Our data analysis techniques are currently limited to a matrix-centric perspective. To overcome this, there has been tremendous effort to extend the well-understood properties of matrices to the higher-dimensional world of tensors. A greater understanding of tensors paves the way for very exciting new developments that can cater to the natural structure of tensor-based data, for example in experimental design or confounding factor analysis. This analysis and understanding uses interesting and complicated geometry.

One requirement for computability of a tensor is to have a good low rank approximation. Tensors of size $n_1 \times \cdots \times n_d$ have $n_1 \ldots n_d$ entries and, for applications, this quickly becomes unreasonably large. Matrices are analyzable via their singular value decomposition, and the best low rank approximation is obtainable directly from this by truncating at the $r$th largest singular value. We can extend many of the useful notions from linear algebra to tensors: we have eigenvectors and singular vectors of tensors, and a higher order version of the singular value decomposition.

# The Picture

As well as being a picture of the well-known Rubik’s cube, this picture describes a cartoon of a tensor of size $3 \times 3 \times 3$. Such a tensor consists of 27 values.

To understand the structure contained in a tensor, we use its natural symmetry group to find a presentation of it that is simple and structurally transparent.
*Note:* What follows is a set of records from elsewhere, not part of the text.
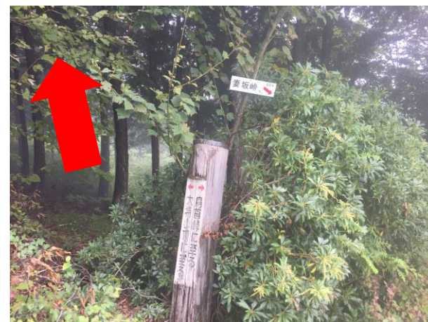
18. 大持山手前の分岐 大持山へ向かう。 妻坂峠には行かないこと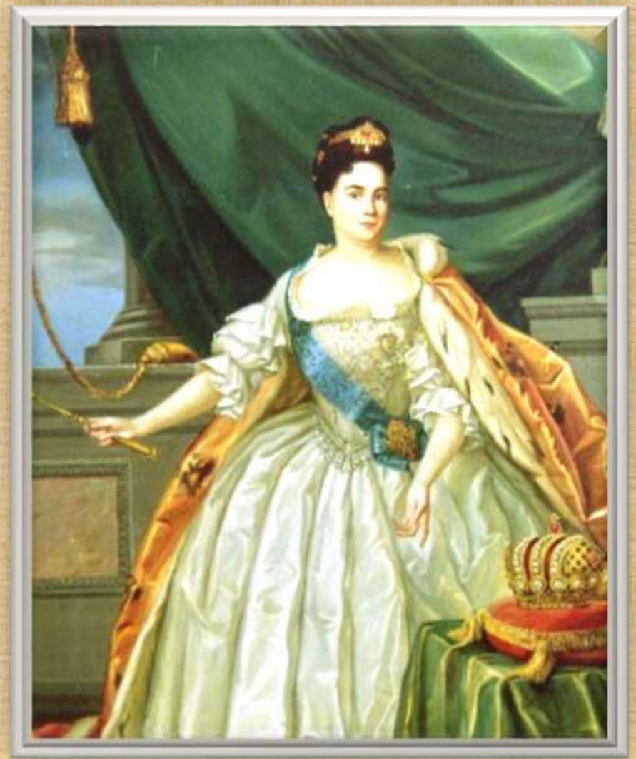
Екатеринбург был назван в честь императрицы Екатерины Первой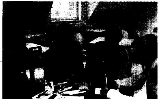
Ältere Diabetiker profitieren von speziellen Schulungsprogrammen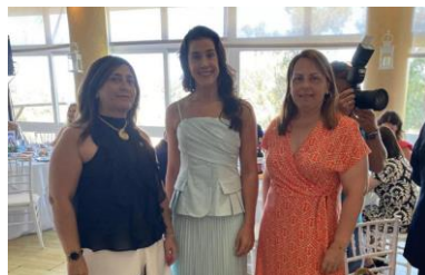
VI Premio Reconocimiento Andaluz a Carolina Marín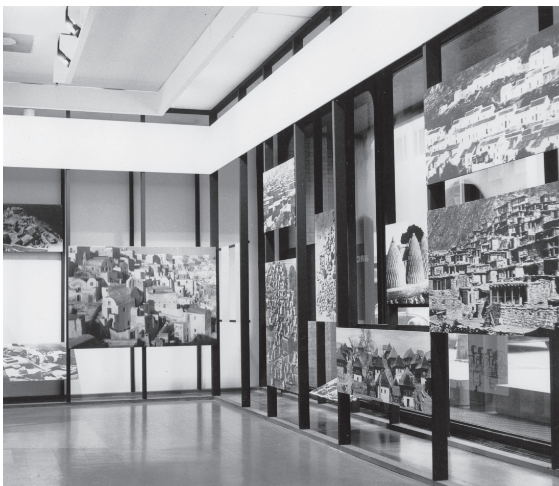
Figura 3. Bernard Rudofsky, Arquitectura sin arquitectos , MoMA (Nueva York), 1964. En la imagen pueden verse varios de los ejemplos que ilustran el magistral encaje de esta arquitectura en el entorno. La española Mijas aparece en la esquina superior derecha, en una fotografía realizada por el propio Bernard Rudofsky.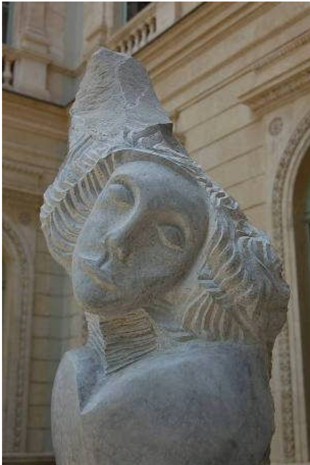
LA DAME . 1,90mx 0,40m Hall d'accueil immeuble PRIMAGAZ Paris

L'utilisation du gaz intervient pour la découpe et la soudure lors de la réalisation de pièces monumentales faites en fer, acier, argent ou or.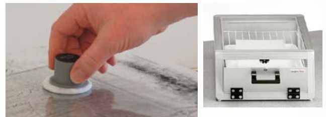
IZQUIERDA: NUEVA TÉCNICA DE ALMOHADILLA PARA TÓNER PARA IMÁGENES MÁS CLARAS DERECHA: HUMIDIFICADOR DE DOCUMENTOS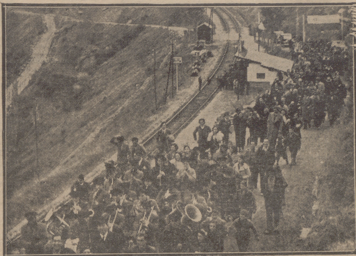
MANIFESTACION INTEGRADA POR AUTORIDADES, INVITADOS Y VECINOS DE EL CORTIJO, DIRIGIDA AL PUEBLO DESPUES DE INAUGURAR EL APEADERO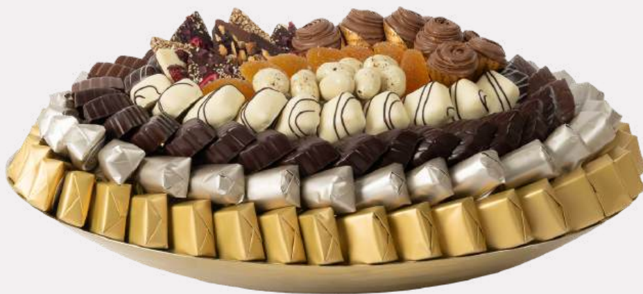
Ref0054 Coupe ovale métal brossé PM L= 38 cm l= 28 cm H= 5 cm 1800 g - 1 980 MAD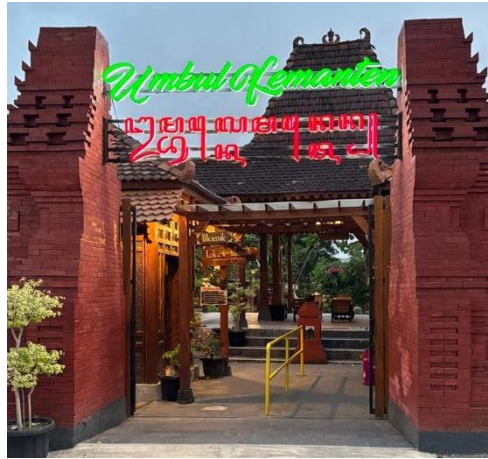
Gambar 2. Gerbang masuk Umbul Kemanten bergaya candi Jawa dengan ornamen merah-bata yang khas dan instagrammable (Dokumentasi lapangan, 2025)

Umbul Kemanten merupakan destinasi wisata air yang berlokasi di Desa Sidowayah, Kecamatan Polanharjo, Kabupaten Klaten, Jawa Tengah, dan dikelola oleh BUMDes Sinergis Sidowayah. Destinasi ini menawarkan dua zona utama yang saling melengkapi: zona kolam alam dengan dasar bebatuan yang mempertahankan suasana orisinal sumber mata air, dan zona kolam modern berkeramik biru yang dilengkapi fasilitas pendukung.

This motivation also underlies the Rubik’s puzzle although the symmetries can be quite different: a change of basis transformation for the tensor case, and a permutation of pieces in the case of the puzzle.

Despite being small, a $3 \times 3 \times 3$ tensor has interesting geometry. It is known that a generic tensor of size $3 \times 3 \times 3$ has seven eigenvectors in $\mathbb{P}^2$. In the paper “Eigenconfigurations of Tensors” by Abo, Seigal and Sturmfels, we show that any configuration of seven eigenvectors can arise, provided no six of the seven points lie on a conic.